Monday, November 21, 2011
Overly overly sorry guys I have tried so hard to check in but I have been working until 1-3 am almost everyday so by the time I get home I just want to sleep. This is probably the earliest I have gotten in for 3 weeks and I still just want to sleep. So here it is unfortunately I gained last week AGAIN!!!! And then this week I maintained :( I need to get these lbs off. I know why I gained last week and I'm actually surprised I didn't gain this week too. I'm sorry for not checking in last week believe me I tried just couldnt seem to get the time or keep my eyes open once I got in. I did exercise this week so yay for me now I just got to get my eating back on point. I hope I'm still able to be in this challenge and if not I completely understand I mean I missed two updates :( we will see. I will def try to check in again this week when I have time to sit infront of a computer and not my phone.
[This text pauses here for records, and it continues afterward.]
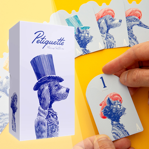 Each round in Petiquette, players look at a line-up of five random cards — with cards showing one of three animals that is wearing one of three hats, with a number from 1-5 at top — and try to find some logic or pattern within them. Each player secretly chooses the card they think would most properly fit into that pattern. For example, if the sequence is "red, red, yellow...", you might feel that yellow should come next. If it's "dog, cat, bird...", then maybe dog feels right...but what about "dog, cat, dog, cat, bird"? No single answer is correct, but if someone chooses the same card as you, you both earn points.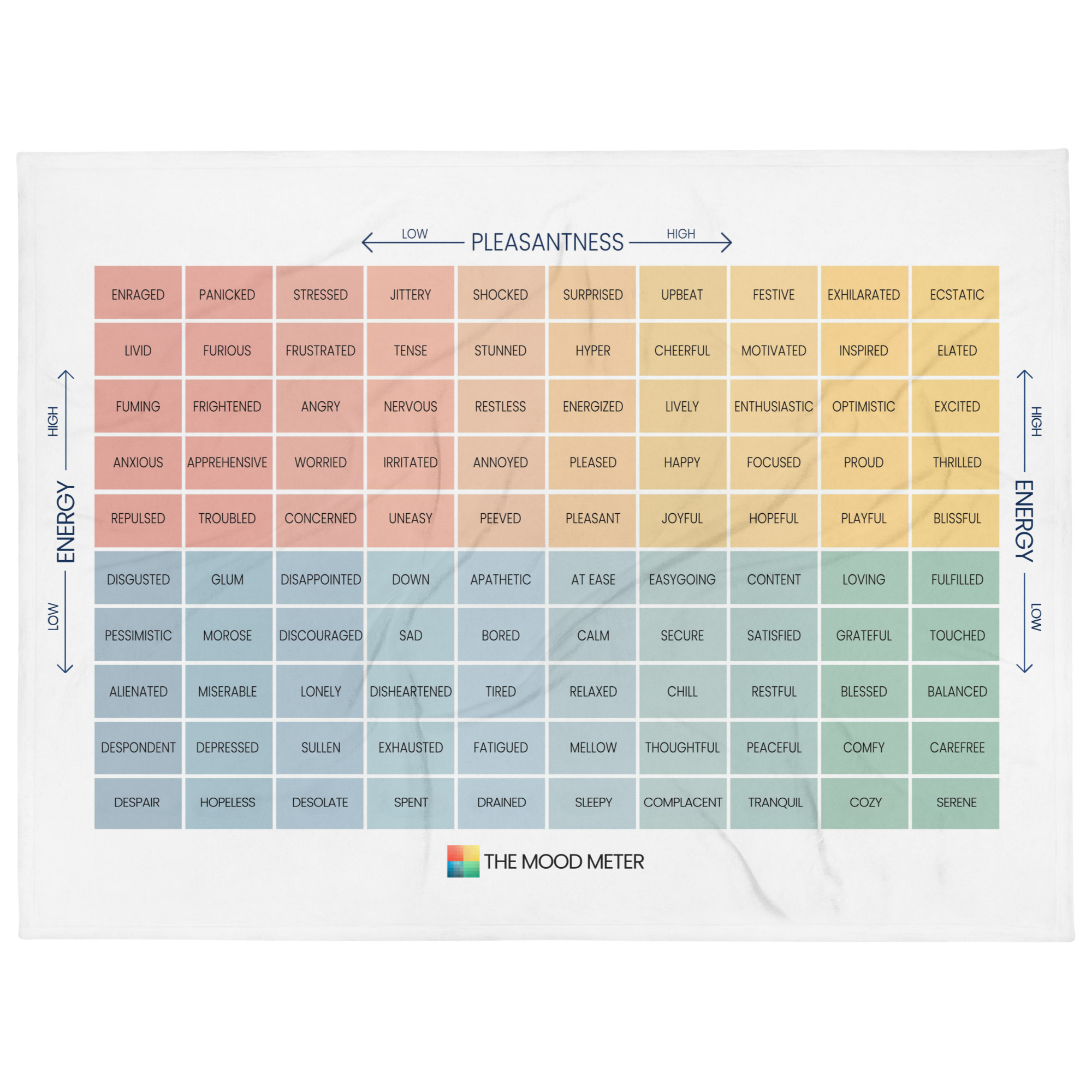 Mood Meter Pillow – A decorative throw pillow that captures the essence of emotional awareness and vibrant design. Place it alongside your Moodmeter Throw Blanket to create a cohesive, mood-boosting corner in your living room or bedroom. Its soft, durable cover and plush insert bring both style and comfort to any seating area.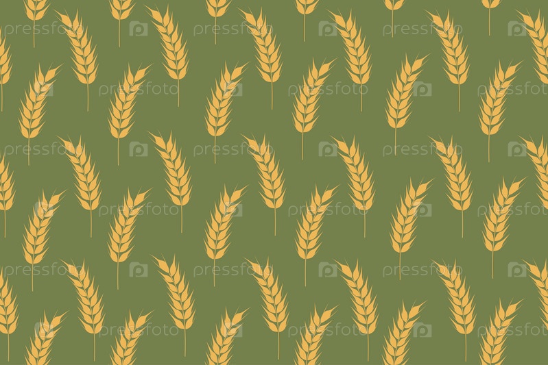 Коллекция золотых спелых колосков пшеницы. Сельскохозяйственный символ, производство муки. Векторный силуэт пшеницы. Иллюстрация на зеленом фоне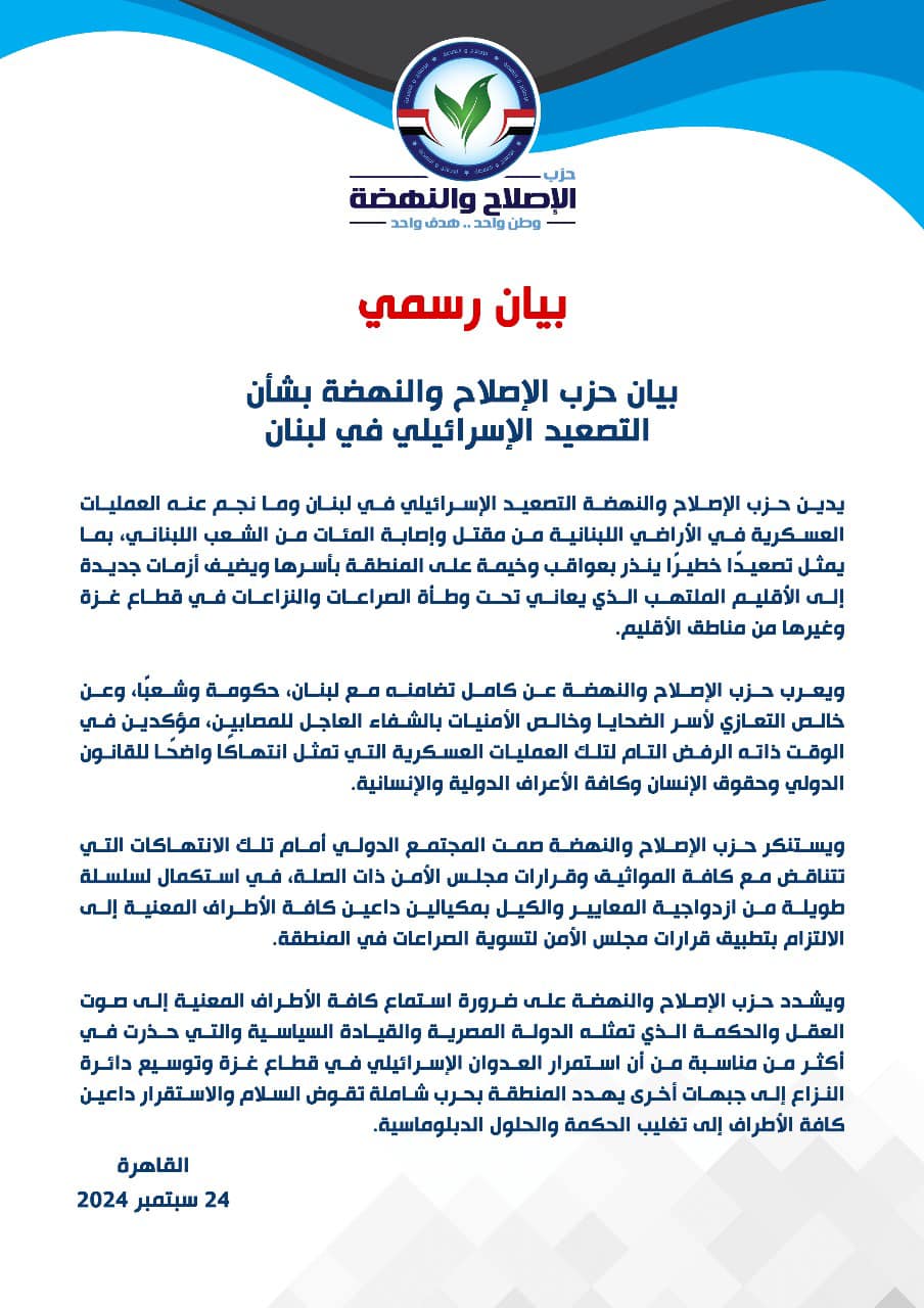ويعرب حزب الإصلاح والنهضة عن كامل تضامنه مع لبنان، حكومة وشعبًا، وعن خالص التعازي لأسر الضحايا وخالص الأمنيات بالشفاء العاجل للمصابين، مؤكدين في الوقت ذاته الرفض التام لتلك العمليات العسكرية التي تمثل انتهاكًا واضحًا للقانون الدولي وحقوق الإنسان وكافة الأعراف الدولية والإنسانية.

Sorry again guys!!
Sunday, November 6, 2011
Let me start this off by saying WAY TO GO RAVENS!!! I dont care if we even make it to super bowel beating the steelers twice is my super bowel!!! Now on to the weight I stayed the same which I am happily excepting right now because its not a gain and for some reason thats all I have been doing lately. I am also happy because I got a job :) its only seasonal but hey it gives me christmas for my little one and family so Im happy. I just hope I can pull my grades up and work all day. We will see. I have got some work outs in this week too which I feel great about, still battling depression though. I dont know whats triggering it but it needs to go somewhere lol. I am last minute updating right now because as you can see I was watching the game, and what a GREAT game it was. Now I got to take my butt to bed so I can get up early study some more and go to school and take yet again another biology test GRRR!!! lol I hope all the weigh ins went good this week and I hope to have some of these lbs gone next week but like I said as of right now I am pleased with maintaining. It works for me. I will check in later if I have a break this week if not tty next update. sorry its so short but I have 3 mins to link up lol.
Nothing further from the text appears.